特開2019-016971号公報JP 2019-016971 A 国際公開第2018/092486号WO2018/092486 国際公開第2016/185740号WO2016/185740
 先行技術文献に開示されている音像定位の位置は、1)予め定められている標準位置、又は2)標準位置を考慮せずに決定される、ユーザ位置に対する相対位置である。そのため、1)と2)以外の位置を音像定位位置として利用する技術は開示されていない。本発明は上記の課題に鑑みてなされたものであり、本発明の目的は、音声コンテンツの音像定位位置を決定する新たな技術を提供することである。 The position of the sound image localization disclosed in the prior art documents is 1) a predetermined standard position, or 2) a position relative to the user position determined without considering the standard position. Therefore, no technique is disclosed for using positions other than 1) and 2) as sound image localization positions. The present invention has been made in view of the above problems, and an object of the present invention is to provide a new technique for determining the sound image localization position of audio content.
 本開示の音声コンテンツ提供装置は、ユーザの位置を示すユーザ位置情報を取得する取得部と、前記ユーザが所定の領域の中にいる場合に、対象の物体、場所、又はイベントに関する基準位置と、前記ユーザの位置とに基づいて、前記ユーザに対して提供される音声コンテンツの音像を定位させる音像定位位置を設定する設定部と、前記音像定位位置に音像を定位させるように前記音声コンテンツを出力する出力制御部と、を有する。
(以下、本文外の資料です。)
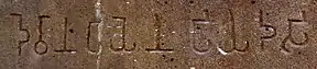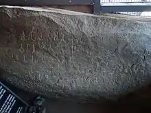 Takshashila was a prosperous and geopolitically influential city, and historical evidence proves that by Ashoka's time, it was well-connected to the Mauryan capital Pataliputra by the Uttarapatha trade route.[55] However, no extant contemporary source mentions the Takshashila rebellion, and none of Ashoka's records states that he ever visited the city.[56] That said, the historicity of the legend about Ashoka's involvement in the Takshashila rebellion may be corroborated by an Aramaic-language inscription discovered at Sirkap near Taxila. The inscription includes a name that begins with the letters "prydr", and most scholars restore it as "Priyadarshi", which was the title of Ashoka.[51] Another evidence of Ashoka's connection to the city may be the name of the Dharmarajika Stupa near Taxila; the name suggests that it was built by Ashoka ("Dharma-raja"). [57]

前記ユーザの位置と前記音像定位位置との間の距離は、前記ユーザの位置と前記基準位置との間の距離よりも短い。 An audio content providing apparatus of the present disclosure includes an acquisition unit that acquires user position information indicating a user's position, a reference position related to a target object, place, or event when the user is in a predetermined area, a setting unit for setting a sound image localization position for localizing a sound image of the audio content provided to the user based on the position of the user; and outputting the audio content so as to localize the sound image at the sound image localization position. and an output control unit that A distance between the user's position and the sound image localization position is shorter than a distance between the user's position and the reference position.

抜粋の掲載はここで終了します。